Es ist erst wenige Tage her, dass ihr auf eurem Gewerkschaftskongress das Folgende beschlossen habt: „Der Bundeskongress verurteilt die Sparauflagen für die südeuropäischen Schuldnerstaaten und fordert ihre Rücknahme. Er fordert die Abgeordneten des Deutschen Bundestages auf, sich für ein sofortiges Ende der ökonomisch und sozial schädlichen Sparpolitik in den Schuldnerländern einzusetzen. Der Bundeskongress fordert den Austritt der Bundesrepublik Deutschland aus dem Euro-Plus-Pakt. Dieser Pakt ist gegen die Arbeitnehmerinnen und Arbeitnehmer sowie ihre Gewerkschaften gerichtet. Der Pakt legt die Axt an die Tarifautonomie und die nationalen sozialen Sicherungssysteme.“

Dieser Verdi-Beschluss war für mich Ausdruck gelebter internationalistischer Solidarität. Ich empfand ihn als mutig und sehr nützlich, da damit endlich von Gewerkschaftsseite klar und deutlich gesagt wurde, was die gegenwärtige deutsche Europapolitik zum Ziel hat: Die Abwälzung der Krisenlasten auf die Lohnabhängigen und sozial Schwachen vor allem in den europäischen Defizitländern. Offen wird in Berlin, Paris und Brüssel gefordert, zu diesem Zweck die Souveränitätsrechte dort massiv einzuschränken. Die Peripheriestaaten sollen gezwungen werden, Hoheitsrechte an die Europäische Kommission und damit an die dahinter stehenden kerneuropäischen Staaten abzugeben, damit der Sozialabbau künftig ohne störenden demokratischen Einspruch von unten exekutiert werden kann. Die EU wird auf diese Weise endgültig zu einer hierarchischen Ordnung mit dem Hegemon Deutschland an der Spitze. 
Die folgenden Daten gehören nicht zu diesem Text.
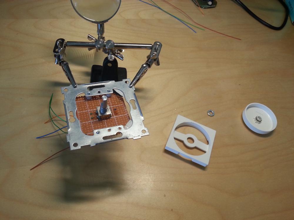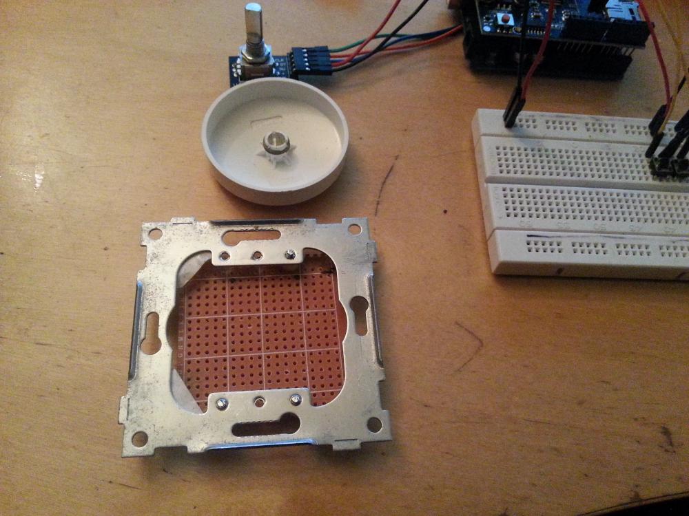 Jeg har da fått begynt litt på "dimmeren" jeg snakket om i "hva har du kjøpt i dag"-tråden, det mekaniske var ikke så vanskelig å få til, da jeg baserte det på en DSI-dimmer som var kassert fra jobb (http://www.niko.dk/produkt/74-597) som var levert med Elko-ramme jeg ser at jeg enten må kappe pinnen på encoderen eller bruke større skiver og skruer, for å få hjulet til å stemme med ramma. hvis andre vil lage samme type dimmer selv er det nokså enkelt oppbygd metall-rammen kommer fra en elko blindplate http://proff.elko.no/l433-1-sentr-pl-tett-ph/l433-1-sentr-pl-tett-ph-article2306-703.html jeg er usikker på om det er mulig å kjøpe det uten å gå via en elektriker. dimmerhjulet får man kjøpt på clas http://www.clasohlson.com/no/Elko-RS-dimmerratt/36-4780 noen skruer, plastbiter til avstandsstykke og et proto-kretskort og selvfølgelig en rotary encoder. vipps, encoder-dimmer softwaremessig sliter jeg litt mer, da jeg er helt ukjent med HS scripting. Arduinoen har jeg litt kontroll på, men det er mye klipp og lim fra eksempler. jeg har funnet flere forskjellige måter å styre lys på, men jeg er usikker på hvilken som blir den enkleste. 1. via arduino plugin -> script i HS 2. via arduino plugin -> enkle script-kommandoer/event 3. via json forespørsler sendt fra arduinoen jeg har funnet en tutorial som sikkert hjelper på vb-kunnskapene, så jeg får sette meg ned å se.( https://www.youtube.com/watch?v=dJgKGwOjYLs&t=1161s ) Arduinoen som er på bildet er bare midlertidig, siden jeg venter på en nano med tilhørende lite ethernet-kort. noen som har lyst å hjelpe til med programmering?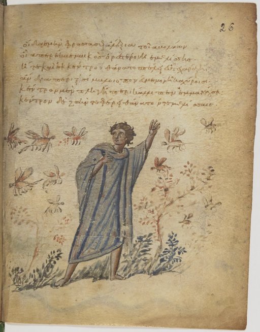 Supplément grec 247, fol. 26, Faune abeilles attaquant un homme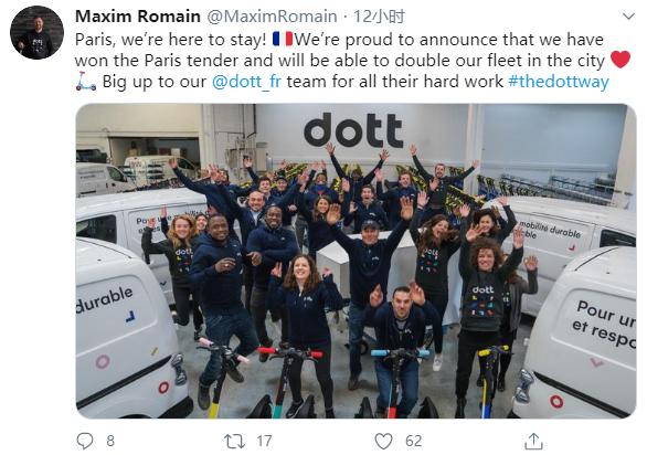 共有16家滑板车共享公司对该市的招标书做出了回应。Lime是唯一一家在美国赢得合同的公司,它表示 "很高兴能成为获胜者之一"。总部位于柏林的Tier公司以赢得 "全球最大的电动滑板车招标 "而欢呼。而总部位于阿姆斯特丹的Dott公司则在Twitter上发布了其团队的庆祝照片。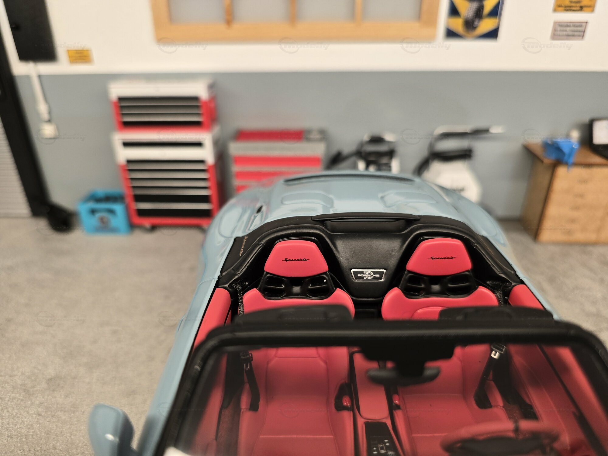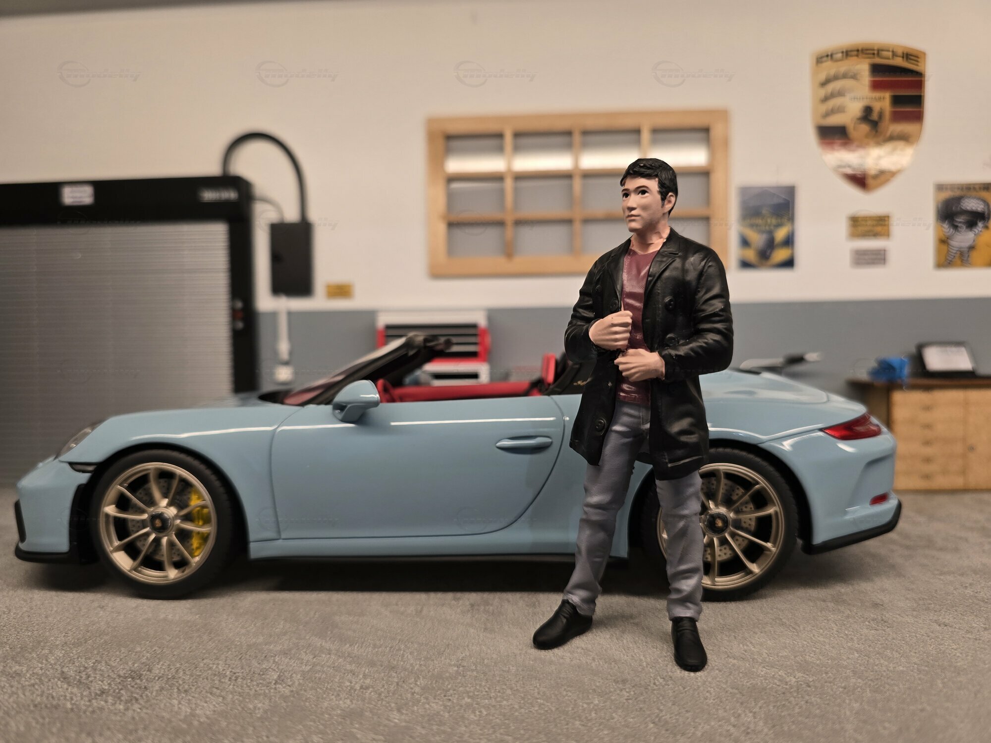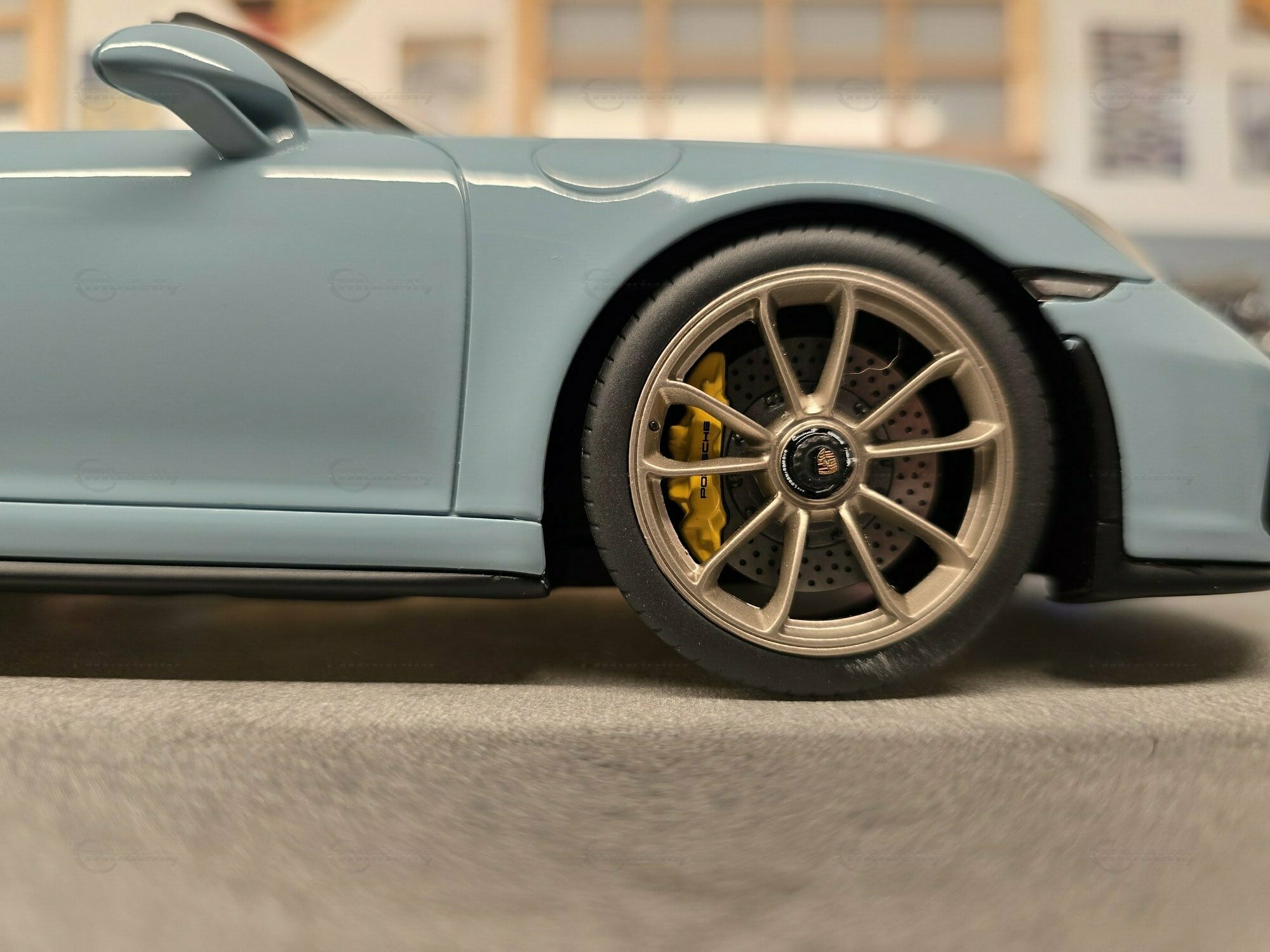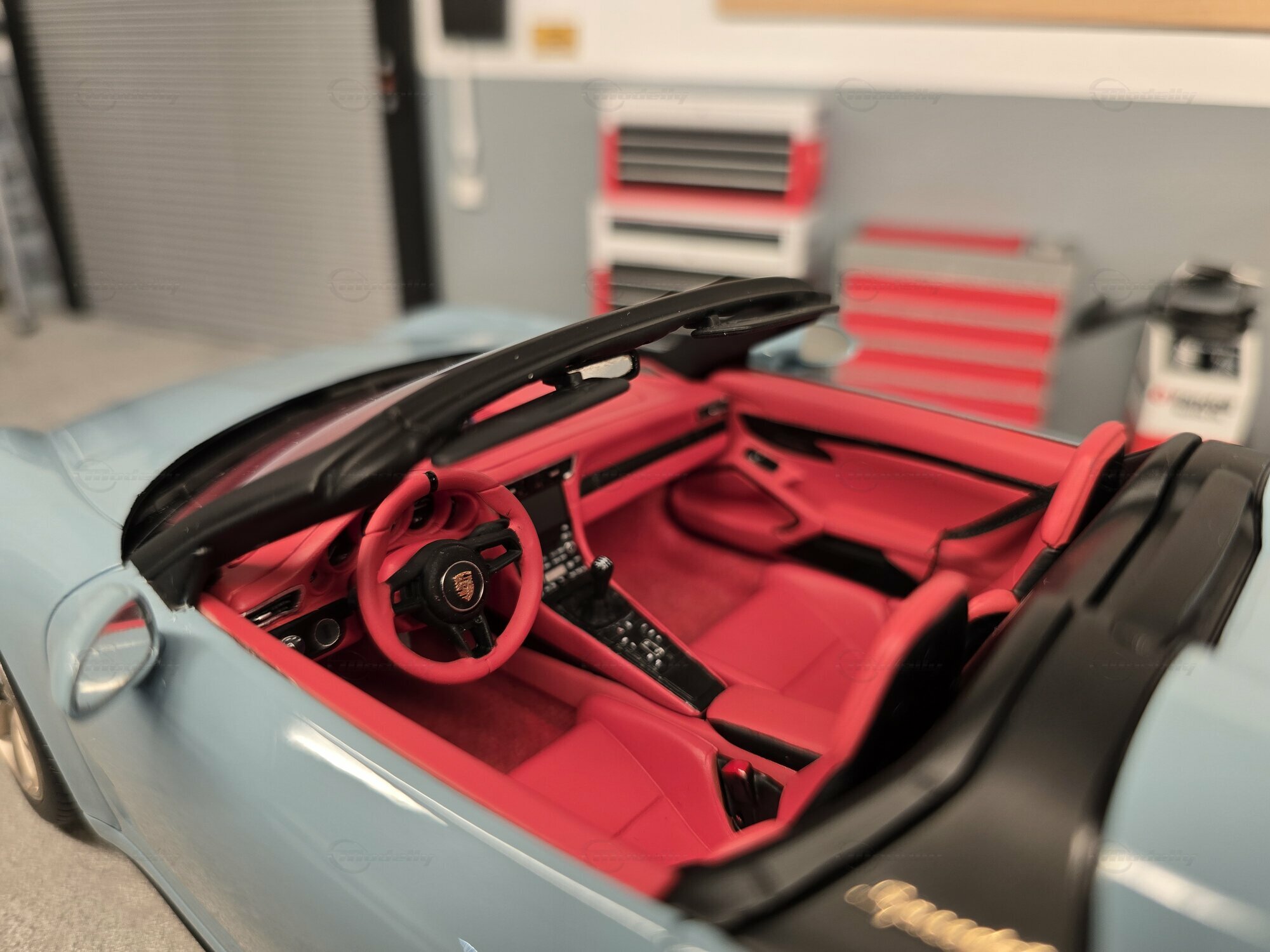 Der Porsche 911 (991.2) Speedster wurde 2018 auf der „70 Jahre Porsche Sportwagen“-Feier als Concept gezeigt und 2019 in Serie gebracht. Das Serienfahrzeug war auf 1948 Exemplare begrenzt – die Zahl verweist auf das Gründungsjahr der Sportwagenmarke. Im Fahrwerk nutzt der Porsche 911 (991.2) Speedster adaptive Dämpfer (PASM), eine Mischbereifung und ein mechanisches Sperrdifferenzial; das 6‑Gang-Getriebe besitzt eine rev-match‑Funktion. Das Leergewicht liegt, je nach Ausstattung, bei rund 1465 kg. Die Abgasanlage ist aus Edelstahl mit partiellem Titananteil, die Heckabdeckung aus kohlefaserverstärktem Kunststoff. Die Karosseriemodifikationen gegenüber dem 911 Cabriolet – gekürzte Frontscheibe und reduzierte Seitenscheiben – verringern die Stirnfläche. Hinter dem Projekt stehen neben Michael Mauer im Design die Ingenieure der Porsche‑GT‑Abteilung unter Leitung von Andreas Preuninger. Für Sammler liefert das hier gezeigte GT Spirit-Modell praktische Vorteile: Durch den Resinaufbau bleibt die Form mit den scharfen Kanten der Heckhutzen stabil, und filigrane Bauteile wie Spiegelfüße oder Lufteinlässe können dünnwandig umgesetzt werden. Die in diesem Beitrag gezeigte Miniatur ist Teil einer auf 1:18 skalierten Sammlung und bildet durch die Limitierung: 1 von 1500 weltweit einen klar definierten Serienplatz. Für Vitrinenfreundinnen und -freunde wirkt das helle Blau neben roten Werkzeugwagen und dem Porsche‑Wappenschild im Diorama ausgewogen; es lässt die Linien des Porsche 911 (991.2) Speedster gut erkennen und macht die Besonderheiten wie die Porsche 20-Zoll Zentralverschluss-Felgen und die Doppelhutze nachvollziehbar. Dieses Modellauto aus Resin von GT Spirit ergänzt die Sammlung von „Play-X“ somit als präzise Miniatur eines späten 991‑Derivats.
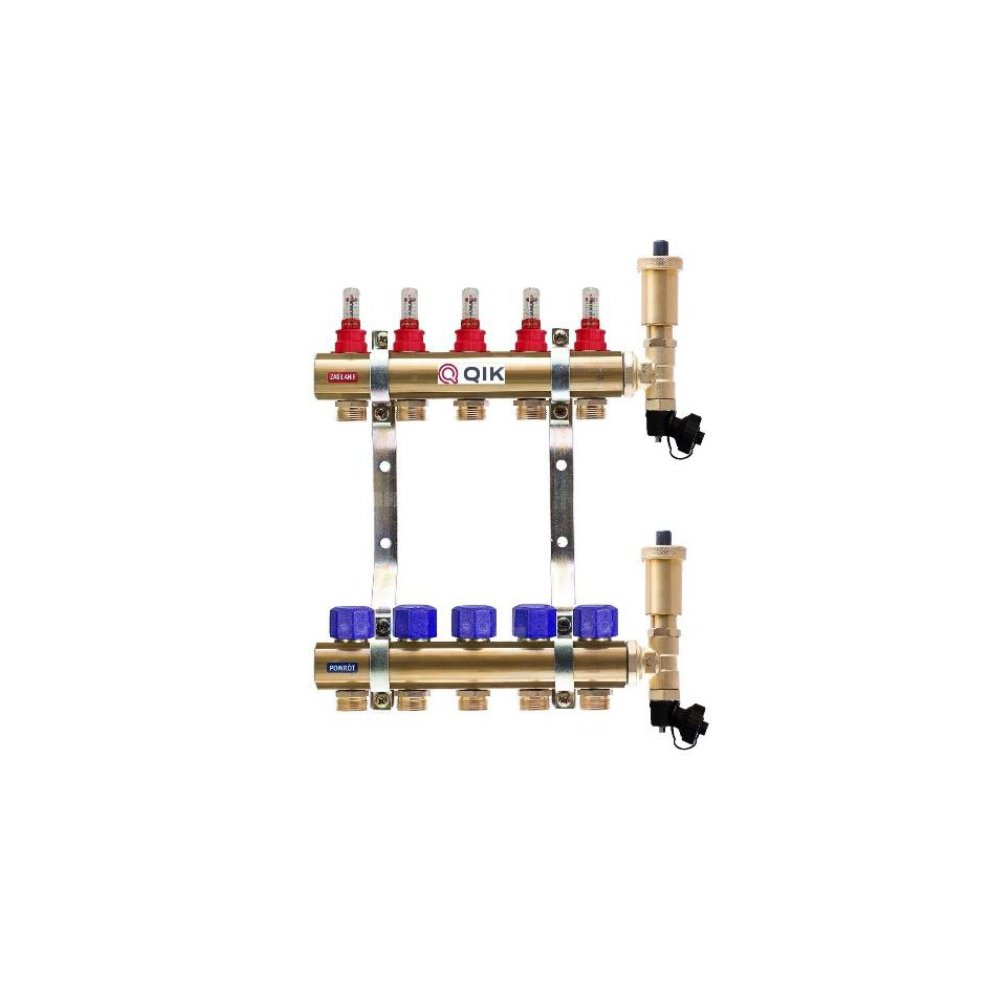 Rozdzielacze ogrzewania podłogowego, przeznaczone do rozdzielenia medium grzew­czego na poszczególne pętle. Belki mosiężne profilowe 1" o wysokości profilu 39mm, w skład kompletu wchodzi: • rotametry na belce zasilającej o zakresie przepływu 0-5 l/min • termostatyczne zawory regulacyjne ręczne z pokrętłem, pod siłowniki M30x1,5 • uchwyty montażowe z płaskownika o grubości 3mm z amortyzatorami - 2 szt. • nyple GZ 3/4" z o-ringiem o rozstawie 50mm • korki 1" pod klucz z o-ringiem - 2 szt. • zawory spustowe - 2 szt. • odpowietrzniki automatyczne - 2 szt.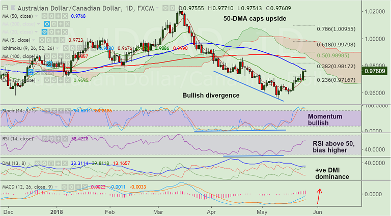 - AUD/CAD is trading in a narrow range on the day, finds stiff resistance at 50-DMA at 0.9768.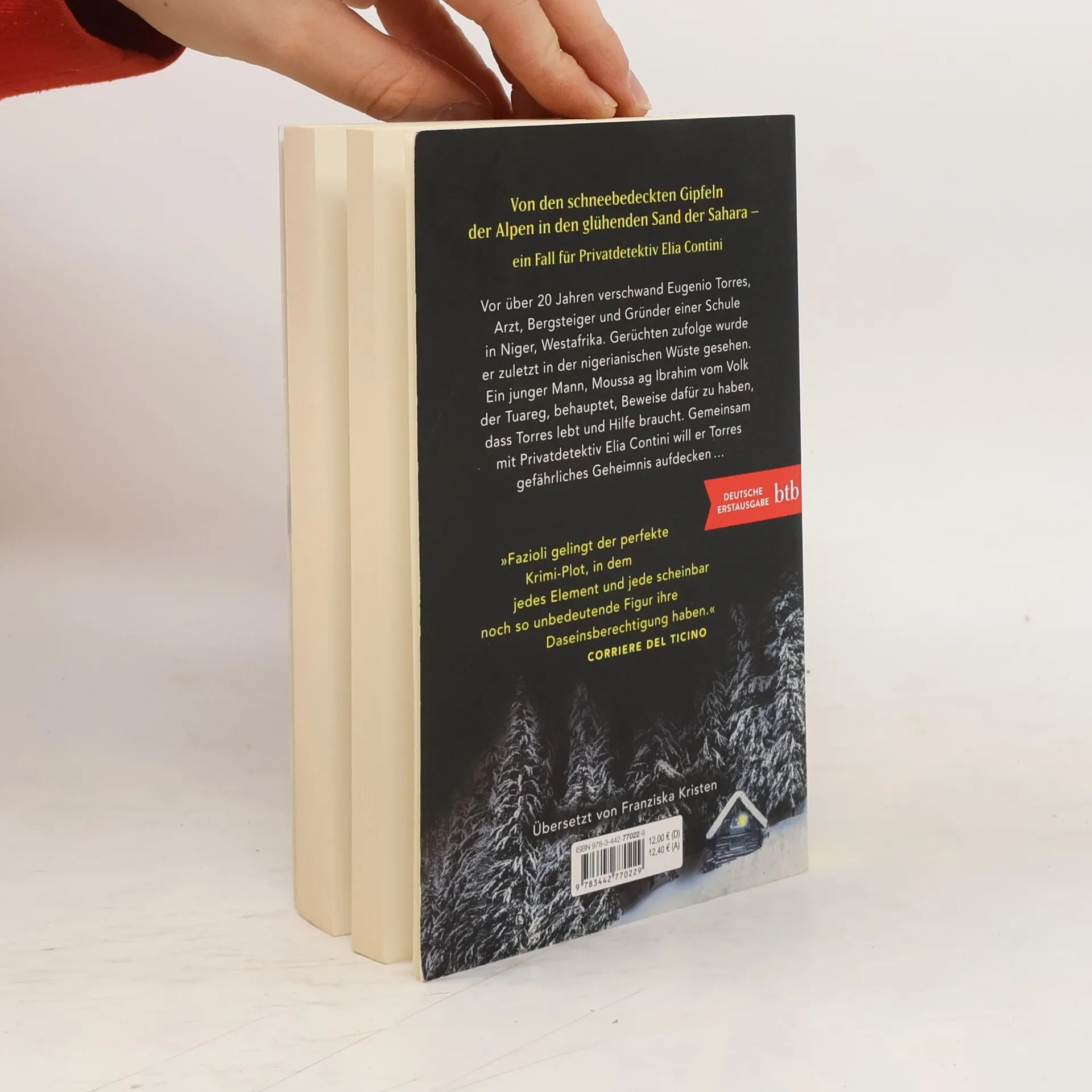 Ein neuer Fall für Privatdetektiv Elia Contini. Ein Krimi aus dem Tessin – für alle LeserInnen von Håkan Nesser Vor über 20 Jahren verschwand Eugenio Torres, ein bekannter Arzt, Bergsteiger und Gründer einer Schule in Niger, Westafrika. Jetzt, nach dem Tod seiner Frau, bitten die Kinder Privatdetektiv Elia Contini um Hilfe. Er soll herausfinden, was mit ihrem Vater damals passiert ist. Gerüchten zufolge wurde er zuletzt in der nigerianischen Wüste gesehen. Von dort kommt eines Tages ein junger Migrant in die Schweiz. Moussa ag Ibrahim gehört dem Volk der Tuareg an und behauptet, Beweise dafür zu haben, dass Torres lebt und Hilfe braucht. Der Detektiv und der junge Mann wollen Torres' gefährliches Geheimnis aufdecken. Zwei radikal gegensätzliche Kulturen treffen im beschaulichen Tessin aufeinander. Oder gibt es vielleicht doch Gemeinsamkeiten zwischen den schneebedeckten Gipfeln der Alpen und den unendlichen Weiten der Sahara?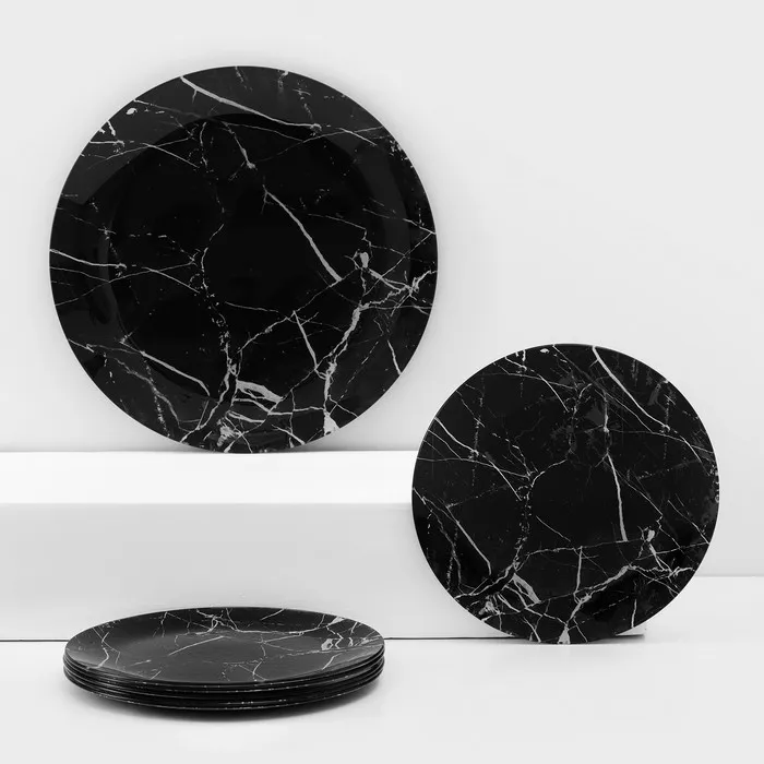 Набор столовый Доляна «Мрамор», 7 предметов: тарелка d=30 см - 1 шт., d=21.5 см - 6 шт., стекло, чёрный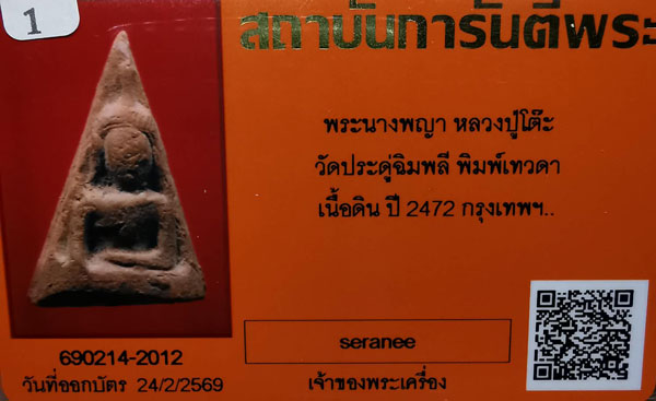 พระนางพญา หลวงปู่โต๊ะ วัดประดู่ฉิมพลี พิมพ์เทวดา เนื้อดิน ปี2472 + บัตรG-pra สภาพเดิมค่ะ |

Mit Deiner Unterschrift unter der Anzeige "Ja zu Europa! Ja zum Euro!" hast Du diesen Beschluss nun leider entwertet. Angesichts des drohenden massiven Demokratieabbaus vor allem in den Peripherieländern ist es ein Hohn, wenn es in der Anzeige heißt: "Die Währungsunion ist ein Meilenstein der Europäischen Integration. Heute müssen wir Europa sozial und demokratisch weiter entwickeln. Dafür brauchen wir mehr Demokratie in Europa, eine demokratisch legitimierte Wirtschafts- und Finanzregierung, die Respektierung der Tarifautonomie und vor allem eine mutige Politik." Die hier geforderte europäische "Wirtschafts- und Finanzregierung" wird doch gerade deshalb geschaffen, um den Defizitländern ihre Souveränitätsrechte zu nehmen und den Sozialabbau dort zu beschleunigen. Und ausgerechnet dieses Vorgehen wird in der Anzeige als Schaffung von "mehr Demokratie in Europa" und als soziale Weiterentwicklung ausgegeben!  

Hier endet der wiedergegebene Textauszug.